When I dreamed about things that might make me more whole, most of those dreams had no other people in them, which made them seem a betrayal of parish ministry. I dreamed of renting a cottage on a deserted beach and spending one whole week beyond the sound of another human voice. I dreamed of taking a pile of books to a house in the woods and reading one whole volume every day without interruption. I dreamed of living for a while in a town where I knew no one and did not speak the language so I could go to the store for butter or sit all night in a café without anyone recognizing me. “Go into your cell,” one of the Desert Fathers said, “and your cell will teach you everything.” But I did not have a cell, and my increasing longing for one made me wonder whether I had taken a wrong turn somewhere.

By all accounts, loving God and my neighbor as myself was supposed to be enough to make me whole. I was in Christian ministry, after all. My own “wholesome example” was Christ, and when I looked at his life I did not see any beach cottages or all-night cafés. Instead, I saw someone who was always feeding people, healing people, teaching people, helping people. When he tried to withdraw from these people, they followed him. When they tried to eat him up, he did not resist. “Take, eat, this is my body, given for you,” he said, holding out a loaf of challah to them. Like a single mother, he fed his spiritual offspring from his own flesh and blood until all of his reserves were gone. Then he died, and, though he rose from the dead three days later, this was quite an act to follow.

I did truly love helping people. It was not only chief among the reasons I had decided to seek ordination; it was also, I believed, why I had been born. To help lift a burden, to help light a path, to help heal a hurt, to help seek a truth—these struck me as the sorts of things that human beings were created to do for one another, and since church was one of the places where people went both to give and receive such help, I still believed that I was well placed. I just did not want to die. I wanted to get better, and I wanted the people I helped to get better too. Good, better, and best remained the operative categories for me, however, while the hunger for wholeness kept drilling holes in my heart.

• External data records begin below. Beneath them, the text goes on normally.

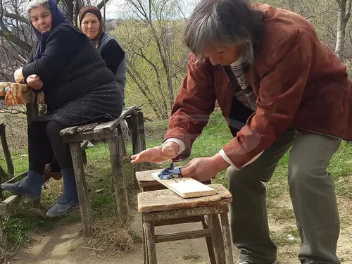 ”Pe la 18 ani, aici jos, la Punga, era un cămin cultural. Într-o zi cu ploaie, când să ne dezbrăcăm şi să ne lăsăm hainele, am văzut că nu avem unde. Nu erau cuiere şi am zis să iau eu nişte cuie apoi am început să le bat cu pumnul, pentru că nu aveam cu ce. După aceea am început să mă perfecţionez, ba cu cuie, ba cu pietre”, povesteşte Virgil Bâgiu.
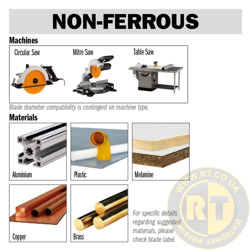 Призначення пильног дискаАлюміній/Кольорові метали/ДСП/ЛДСП/Композитні матеріали/Пластик
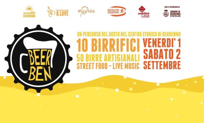 Venerdì 1 e sabato 2 settembre prende il via in Valtellina Beerben 2017, un percorso del gusto nel centro storico di Berbenno. Saranno 10 birrifici artigianali coinvolti più due beer firm, con 50 birre diverse da degustare durante l’evento: Birrificio Beer In, Birra Eretica, Birra Carrù, Dulac, Birrificio Legnone, Lmb La Mia Birra Birra Di Valsassina, Lord Chambray, Birrificio Pintalpina, Birrificio Revertis, Le birre del Tasso Alcolico, Birra Salvadega, Tilium Beer.
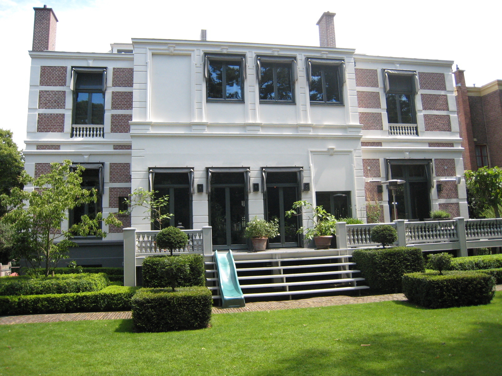 Pand bestaande uit souterrain, beletage en verdieping onder een met shingles gedekt afgeknot schilddak, vijf vensterassen breed en drie vensterassen diep. De in schoon metselwerk opgetrokken gevels worden verlevendigd door wit gepleisterde sierbanden. De voorgevel heeft een als risaliet uitgevoerde middenpartij, afgedekt door een fronton met oculus. Op de begane grond zijn drie houten vensters die gescheiden worden door muurdammen met kapitelen. Voor de drie gekoppelde rondboogvensters op de verdieping van de middenrisaliet, loopt een breed balkon met balustrade. De houten vensters worden door smalle gecanneleerde kolommen gescheiden. Het balkon wordt gedragen door rijk versierde voluutconsoles. Boven de terugliggende zijvlakken van de voorgevel zijn in het brede fries van de kroonlijst zoldervensters met balustrades aangebracht. Ook voor de vensters op de verdieping en de openslaande deuren op de parterre zijn balustrades. In de linker zijgevel is de hoofdingang. De achtergevel waar de toegang naar het souterrain is, bezit een gepleisterde middenrisaliet. Op de eerste verdieping zijn hier twee blindnissen. Waardering.

It was during my tenure at All Saints’ that I finally succeeded in raising a hurt bird to adulthood. I discovered the small, dark foundling under a bush in the church courtyard, cheeping for a mother who never came. When the baby finally gave up calling her and settled down to die, I scooped it up and took it home with me. For the next several weeks, I took it to work with me in a well-furnished shoebox, parking it on my desk as I answered telephone calls, planned schedules, and counseled couples preparing to be married. Every hour or so I got up to go microwave a couple of worms, having discovered that the main reason all my other baby birds had died was because I had not given them enough to eat.

Before long I was spending my lunch breaks driving far enough out of Atlanta to find bait shops that sold worms, but my dedication paid off. The brown baby grew into a sleek teenager with iridescent dark feathers and round black eyes, who greeted me with a screech in the morning and liked to sit on my head when I would let him. After a long session with the Audubon Society Field Guide to North American Birds (Eastern Region), I finally deduced that I had raised a Sturnus vulgaris, otherwise known as a starling. This was something of a blow, since most people I knew thought starlings should be poisoned instead of fed, but I was so grateful to this bird for surviving under my care that I would have been happy to discover he was a turkey vulture.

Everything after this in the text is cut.